Tirosinemia

Tirosin adalah pendahulu beberapa neurotransmiter (misalnya dopamin, norepinephrine, adrenalin), hormon (misalnya tiroksin), dan melanin; Kekurangan enzim yang terlibat dalam metabolisme mereka, menyebabkan sejumlah sindrom.

Tirosinemia transien pada bayi baru lahir

Sementara immaturity enzim, terutama 4-hydroxyphenylpyruvate dioxygenase, kadang-kadang menyebabkan peningkatan tingkat tirosin dalam darah (biasanya pada bayi baru lahir prematur, terutama yang menerima makanan berprotein tinggi); metabolit dapat dideteksi dengan skrining rutin bayi baru lahir untuk fenilketonuria. Sebagian besar pasien tidak memiliki manifestasi klinis, namun beberapa memiliki rasa kantuk dan penurunan nafsu makan. Tyrosinemia membedakan dari fenilketonuria dengan meningkatkan kadar tirosin dalam plasma.

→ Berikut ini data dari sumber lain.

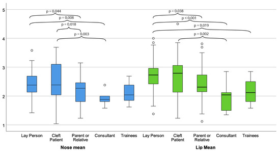 The graphic illustrates the statistically significant differences between the rater subgroups in their assessment of nasal appearance, shown in blue box plots, and labial aesthetics, depicted in green box plots (post hoc test).

Dalam kebanyakan kasus, normalisasi spontan tingkat tirosin terjadi. Pada pasien dengan gejala klinis, perlu untuk membatasi asupan tirosin dengan makanan [2 g / (kg x hari)] dan memberi resep vitamin C 200-400 mg per oral sekali sehari.

Alcantonuria

Alkaponuria adalah penyakit resesif autosomal langka yang disebabkan oleh kekurangan oksidase asam homozygosinat; produk oksidasi asam homogentisium terakumulasi di kulit dan warnanya gelap, persendiannya jatuh di sendi. Penyakit ini biasanya didiagnosis pada pasien dewasa yang memiliki pigmentasi kulit gelap (ochronosis) dan artritis. Urine menggelap di udara karena produk oksidasi asam homogentisat. Diagnosis didasari pada deteksi tingkat peningkatan asam homogentisinat dalam urin (lebih dari 4-8 g / 24 jam). Tidak ada pengobatan yang efektif, bagaimanapun, 1 g asam askorbat dalam sekali sehari dapat mengurangi deposisi pigmen dengan meningkatkan ekskresi asam homogentisik ginjal.

[1], [2], [3], [4], [5]

Oculocutaneous albinism

Kekurangan tirosinase menyebabkan tidak adanya pigmentasi kulit dan retina, yang sangat meningkatkan risiko pengembangan tumor kulit ganas, dan penurunan penglihatan yang signifikan. Seringkali ada nistagmus, begitu juga fotofobia.

Tirosinemia tipe I

Jenis tyrosinemia I - penyakit ini diwariskan secara resesif autosomal, penyebabnya adalah kekurangan nya Fumaryl-atsetoatsetatgidroksilazy, enzim yang terlibat dalam metabolisme tirosin. Penyakit ini dapat bermanifestasi sebagai kegagalan fulminan hati pada periode neonatal atau hepatitis subklinis lembek, neuropati perifer menyakitkan dan gangguan fungsi tubulus ginjal (misalnya, asidosis metabolik dengan gap yang normal anion, hypophosphatemia, vitamin D tahan rickets) pada usia yang lebih tua. Ke depan, pasien yang bertahan memiliki peningkatan risiko terkena kanker hati.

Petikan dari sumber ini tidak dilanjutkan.